In [2], the content of the exam varied with each student. Therefore,

Developing a rigid rubric for an oral examination was not feasible when each student individually determined the content. This required the evaluation criteria to remain roughly defined to facilitate evaluation of all students, no matter which reaction they chose. The rubric shown in Table 2 was used to guide the evaluators when grading. Presentation skills included oral and nonverbal communication (such as writing a reaction mechanism) and delivering information in an organized manner. Student knowledge about their chosen subject was evaluated partly through reviewing the content they had prepared for the session and whether they presented the required information. The ability of each student to answer questions was used to assess depth of knowledge and the extent of the research undertaken and to gauge how capably a student could synthesize information quickly, problem-solve, and think critically. For example, one student mentioned a recent innovation of their selected reaction being undertaken via solid-phase synthesis. Their knowledge regarding solid-phase techniques was subsequently assessed through further questioning to determine the depth of their understanding.

To limit inconsistencies and subjectivity, which are reported problems in oral testing, two of the course instructional staff were present for each examination

table 2

In the "poster exam" format described in [3],

The grading of the poster exam occurs in two parts.
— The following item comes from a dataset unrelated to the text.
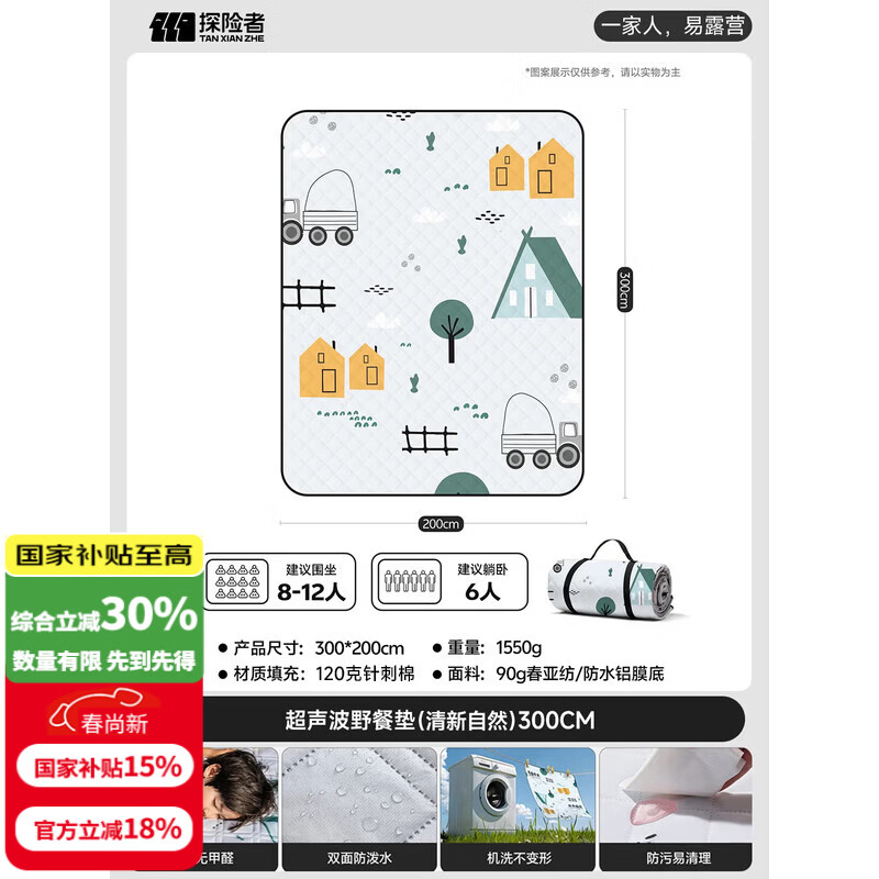 探险者(TAN XIAN ZHE)野餐垫户外加厚超大便携露营垫春游野炊草坪地垫防水防潮垫爬行垫 【7层加厚不硌人】清新自然200*300cm【厚约5mm】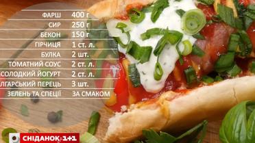 Для приготовления такого хот-дога нам понадобятся 400 г фарша, 250 г сыра, 150 г бекона, горчица, 2 булочки, томатный соус, несладкий йогурт, болгарский перец, зелень и специи.

First students are graded on the content, organization, and design of the poster itself, the oral presentation of the poster, and their ability to answer questions on the poster. The students receive a group grade, which we chose to score as 60% of the exam. The detailed breakdown of the poster evaluation is shown in Figure 1.

Figure 1


Individual knowledge of the broad subject matter is probed in the second half of the test with an individual oral examination administered to each student in the poster group. Questions are drawn from a database constructed by the course designers and instructors, and labeled according to degree of difficulty. After each poster exam the database is refined and enlarged. The examiners are asked to draw questions randomly from the database and score the answers on a three-point scale of outstanding, acceptable, or unacceptable. Each student’s response is scored and entered on an answer sheet, which the students do not see, and returned to a folder that remains with the group. The next examiner then has access to the folder and does not repeat the prior questions asked. In this way each student receives at least two different oral exams, and most are given three. Examiners tend to conduct this aspect of the poster exam in one of two ways: some ask each student a different question, while others give the same question to all students.
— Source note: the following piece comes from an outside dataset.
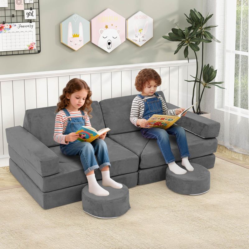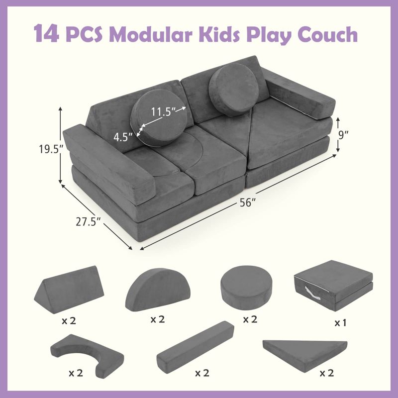 Costway 14 PCS Modular Kids Play Couch Child Sectional Sofa Toddler Soft Playset Gray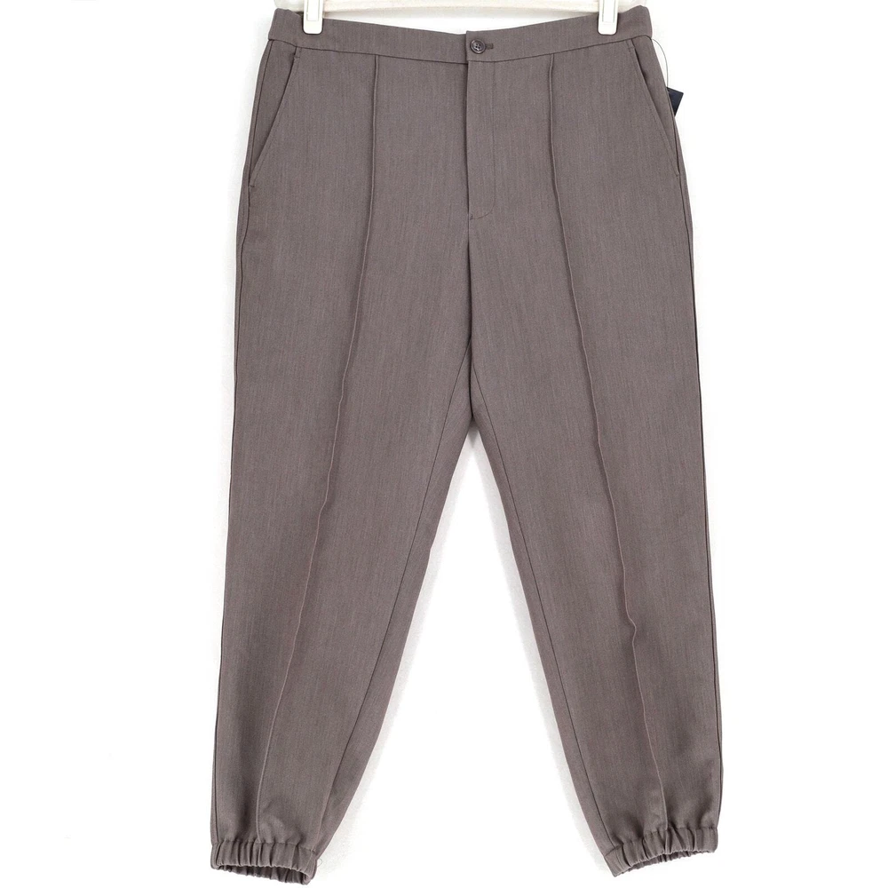 Alfani Men's Taupe Gray Casual Regular Fit Pleated Dressy Jogger Pants Size M New with tags Woven in crisp stretch fabric Regular fit Elastic waist back Mid rise Two side slant pockets Two back button-through welt pockets Pin tuck front pleats Zip fly with button closure Stretch performance Elasticized cuffs 75% polyester, 20% rayon, 5% spandex Machine wash Inseam 28.5" Waist flat lay 16"

[1] Roecker, L., 2007. Using Oral Examination as a technique to assess student understanding and teaching effectiveness. J. Chem. Educ, 84(10), p.1663.

[2] Dicks, A.P., Lautens, M., Koroluk, K.J. and Skonieczny, S., 2012. Undergraduate oral examinations in a university organic chemistry curriculum. Journal of Chemical Education, 89(12), pp.1506-1510.
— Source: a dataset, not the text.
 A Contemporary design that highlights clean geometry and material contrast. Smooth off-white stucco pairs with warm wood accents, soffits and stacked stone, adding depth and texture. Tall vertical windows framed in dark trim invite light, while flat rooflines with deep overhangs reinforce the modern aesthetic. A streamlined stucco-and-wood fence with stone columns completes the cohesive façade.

[3] Marino, R., Clarkson, S., Mills, P.A., Sweeney, W.V. and DeMeo, S., 2000. Using poster sessions as an alternative to written examination—the poster exam. J. Chem. Educ, 77(9), p.1158.

  • 1
    "the use of a marking guide or rubric of some sort is usually essential": Mm... honestly, in 30 years of oral exams (student+teaching) I've never used such a rubric and I've never seen anyone using it. Commented Jan 5, 2017 at 6:41
  • 2
    @Massimo Well, now you've met me :)
    – ff524
    Commented Jan 5, 2017 at 6:42
  • We could do a research on the assessment uniformity with or without rubric ;-) Commented Jan 5, 2017 at 6:46
  • Apologies for not accepting this answer sooner.